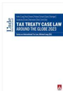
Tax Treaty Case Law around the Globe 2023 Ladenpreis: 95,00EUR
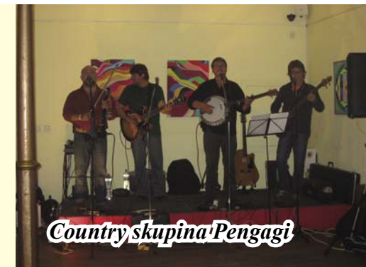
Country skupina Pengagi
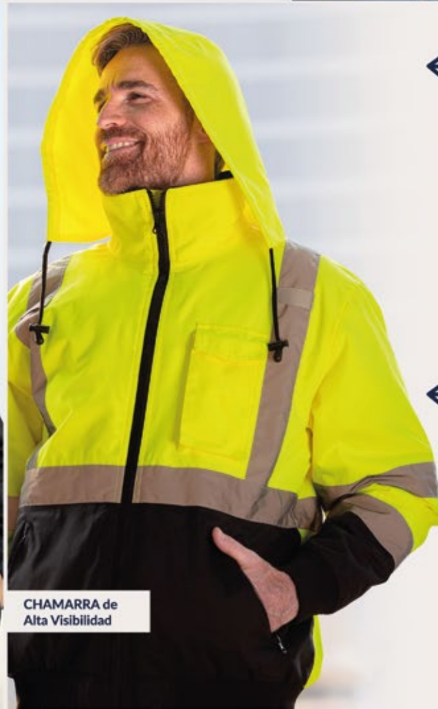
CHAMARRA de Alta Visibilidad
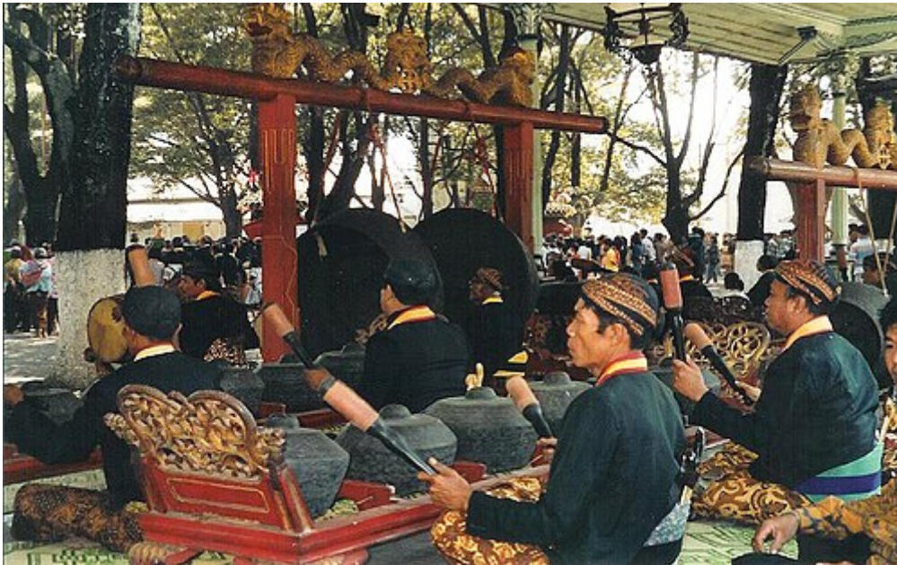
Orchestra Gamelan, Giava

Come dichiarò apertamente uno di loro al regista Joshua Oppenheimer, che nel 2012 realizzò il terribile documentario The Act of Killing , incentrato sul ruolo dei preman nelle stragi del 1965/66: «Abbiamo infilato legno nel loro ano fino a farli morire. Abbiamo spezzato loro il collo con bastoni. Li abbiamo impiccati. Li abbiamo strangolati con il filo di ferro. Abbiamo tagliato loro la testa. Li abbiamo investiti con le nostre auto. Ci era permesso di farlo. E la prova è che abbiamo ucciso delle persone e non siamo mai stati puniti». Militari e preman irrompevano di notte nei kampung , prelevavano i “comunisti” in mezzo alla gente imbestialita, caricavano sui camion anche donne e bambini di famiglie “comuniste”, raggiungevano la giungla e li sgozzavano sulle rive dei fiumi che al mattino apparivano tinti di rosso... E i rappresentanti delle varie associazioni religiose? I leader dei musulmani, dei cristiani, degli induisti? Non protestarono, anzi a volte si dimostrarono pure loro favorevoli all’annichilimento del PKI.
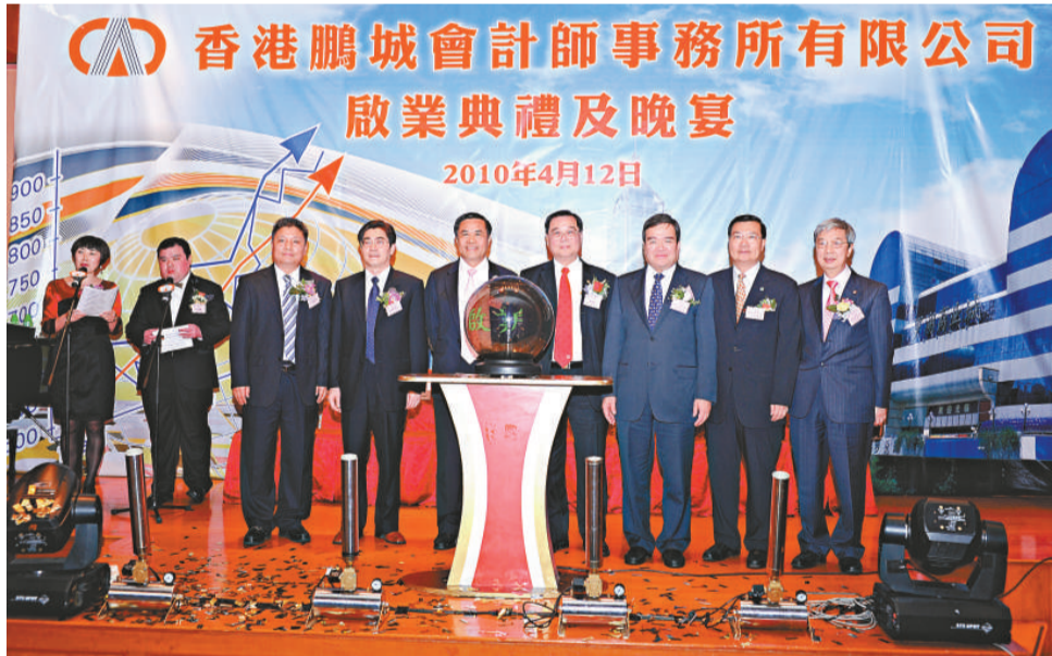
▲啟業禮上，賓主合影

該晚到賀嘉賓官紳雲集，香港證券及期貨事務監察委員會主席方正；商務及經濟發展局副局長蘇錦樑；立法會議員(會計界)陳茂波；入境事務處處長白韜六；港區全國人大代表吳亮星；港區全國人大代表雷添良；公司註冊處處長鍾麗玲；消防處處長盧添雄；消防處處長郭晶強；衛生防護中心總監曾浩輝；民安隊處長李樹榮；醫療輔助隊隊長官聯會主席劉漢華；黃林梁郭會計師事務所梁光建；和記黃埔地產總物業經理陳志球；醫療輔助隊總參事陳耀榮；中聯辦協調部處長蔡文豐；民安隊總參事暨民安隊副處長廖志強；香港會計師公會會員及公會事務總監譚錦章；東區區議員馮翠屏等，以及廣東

+-------+

> **What is being asked**
Extract only the lines from the line containing "Orchestra Gamelan, Giava" through the final line of the listing above, unchanged; pictures stay out of the copy.

> **Expected output**
Orchestra Gamelan, Giava

Come dichiarò apertamente uno di loro al regista Joshua Oppenheimer, che nel 2012 realizzò il terribile documentario The Act of Killing , incentrato sul ruolo dei preman nelle stragi del 1965/66: «Abbiamo infilato legno nel loro ano fino a farli morire. Abbiamo spezzato loro il collo con bastoni. Li abbiamo impiccati. Li abbiamo strangolati con il filo di ferro. Abbiamo tagliato loro la testa. Li abbiamo investiti con le nostre auto. Ci era permesso di farlo. E la prova è che abbiamo ucciso delle persone e non siamo mai stati puniti». Militari e preman irrompevano di notte nei kampung , prelevavano i “comunisti” in mezzo alla gente imbestialita, caricavano sui camion anche donne e bambini di famiglie “comuniste”, raggiungevano la giungla e li sgozzavano sulle rive dei fiumi che al mattino apparivano tinti di rosso... E i rappresentanti delle varie associazioni religiose? I leader dei musulmani, dei cristiani, degli induisti? Non protestarono, anzi a volte si dimostrarono pure loro favorevoli all’annichilimento del PKI.
▲啟業禮上，賓主合影

該晚到賀嘉賓官紳雲集，香港證券及期貨事務監察委員會主席方正；商務及經濟發展局副局長蘇錦樑；立法會議員(會計界)陳茂波；入境事務處處長白韜六；港區全國人大代表吳亮星；港區全國人大代表雷添良；公司註冊處處長鍾麗玲；消防處處長盧添雄；消防處處長郭晶強；衛生防護中心總監曾浩輝；民安隊處長李樹榮；醫療輔助隊隊長官聯會主席劉漢華；黃林梁郭會計師事務所梁光建；和記黃埔地產總物業經理陳志球；醫療輔助隊總參事陳耀榮；中聯辦協調部處長蔡文豐；民安隊總參事暨民安隊副處長廖志強；香港會計師公會會員及公會事務總監譚錦章；東區區議員馮翠屏等，以及廣東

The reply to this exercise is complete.